> **Record set**
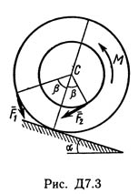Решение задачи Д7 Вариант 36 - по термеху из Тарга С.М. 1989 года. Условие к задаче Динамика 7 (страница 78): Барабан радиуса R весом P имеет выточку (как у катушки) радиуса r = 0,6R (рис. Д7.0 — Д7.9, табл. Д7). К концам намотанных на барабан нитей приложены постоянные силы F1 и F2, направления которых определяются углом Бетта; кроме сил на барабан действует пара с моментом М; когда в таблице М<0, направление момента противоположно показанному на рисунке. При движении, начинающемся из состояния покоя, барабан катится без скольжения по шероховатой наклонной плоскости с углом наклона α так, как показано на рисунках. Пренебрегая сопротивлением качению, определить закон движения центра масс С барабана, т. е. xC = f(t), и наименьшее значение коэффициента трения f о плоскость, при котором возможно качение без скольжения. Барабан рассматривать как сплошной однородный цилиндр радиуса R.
--
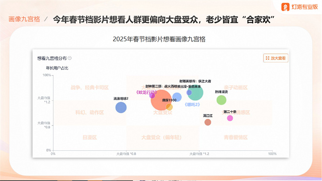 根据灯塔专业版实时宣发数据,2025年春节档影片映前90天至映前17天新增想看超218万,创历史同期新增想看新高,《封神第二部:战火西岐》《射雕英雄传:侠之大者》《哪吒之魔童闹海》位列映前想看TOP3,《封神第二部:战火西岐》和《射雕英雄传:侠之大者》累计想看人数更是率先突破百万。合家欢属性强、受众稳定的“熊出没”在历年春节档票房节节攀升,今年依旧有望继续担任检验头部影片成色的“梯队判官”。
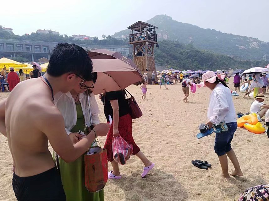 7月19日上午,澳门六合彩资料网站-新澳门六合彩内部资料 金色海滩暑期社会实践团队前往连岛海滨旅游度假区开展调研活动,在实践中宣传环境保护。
...
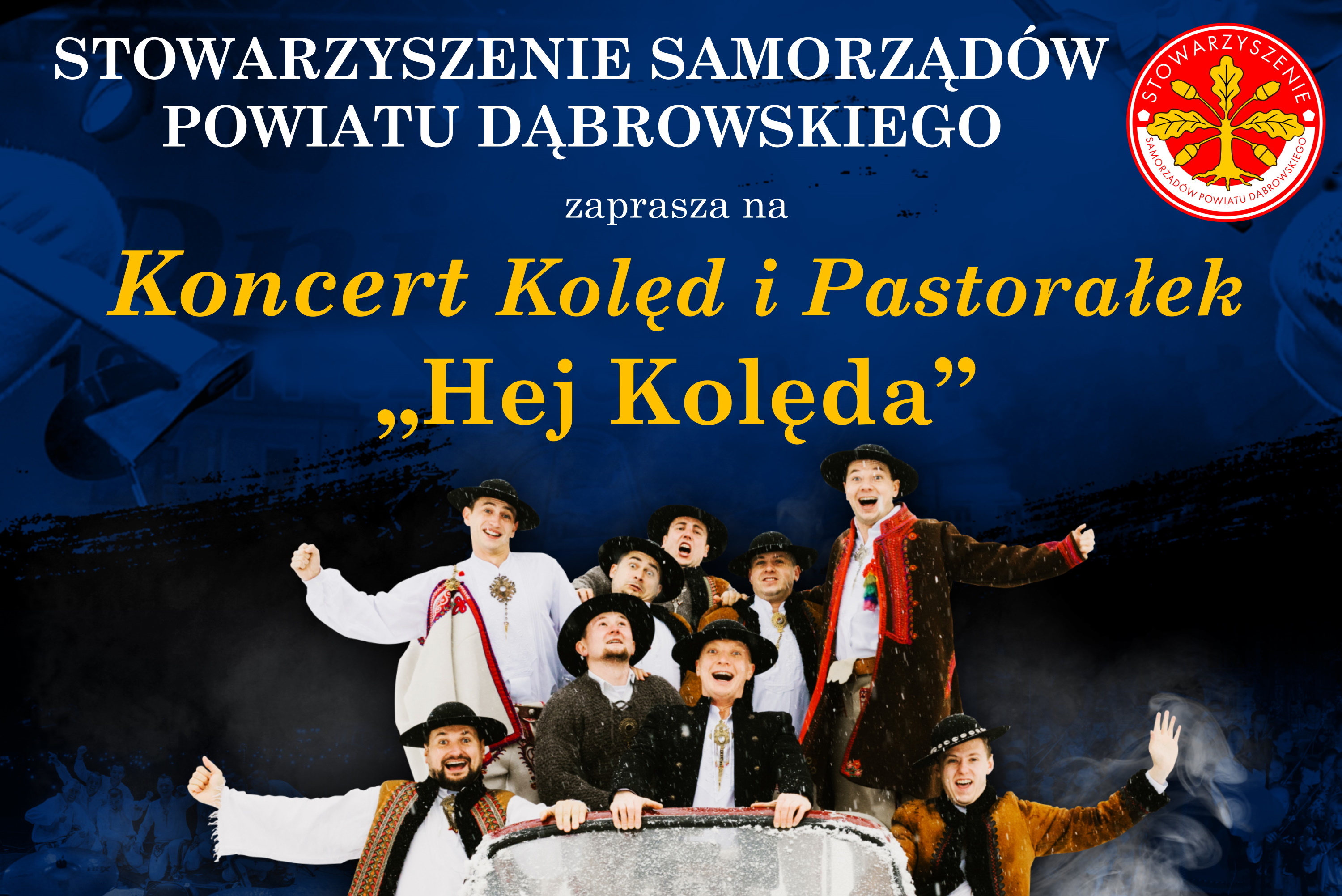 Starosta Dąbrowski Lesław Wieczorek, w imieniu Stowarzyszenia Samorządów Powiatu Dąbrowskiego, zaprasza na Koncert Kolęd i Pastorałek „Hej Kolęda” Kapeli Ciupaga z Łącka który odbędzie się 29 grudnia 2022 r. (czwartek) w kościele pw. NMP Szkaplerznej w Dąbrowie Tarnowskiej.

> **Work required**
The stretch to restate runs from the line above containing "根据灯塔专业版实时宣发数据,2025年春" through the line containing "7月19日上午,澳门六合彩资". Copy it word for word, ends included, without pictures.

> **Exercise result**
 根据灯塔专业版实时宣发数据,2025年春节档影片映前90天至映前17天新增想看超218万,创历史同期新增想看新高,《封神第二部:战火西岐》《射雕英雄传:侠之大者》《哪吒之魔童闹海》位列映前想看TOP3,《封神第二部:战火西岐》和《射雕英雄传:侠之大者》累计想看人数更是率先突破百万。合家欢属性强、受众稳定的“熊出没”在历年春节档票房节节攀升,今年依旧有望继续担任检验头部影片成色的“梯队判官”。
 7月19日上午,澳门六合彩资料网站-新澳门六合彩内部资料 金色海滩暑期社会实践团队前往连岛海滨旅游度假区开展调研活动,在实践中宣传环境保护。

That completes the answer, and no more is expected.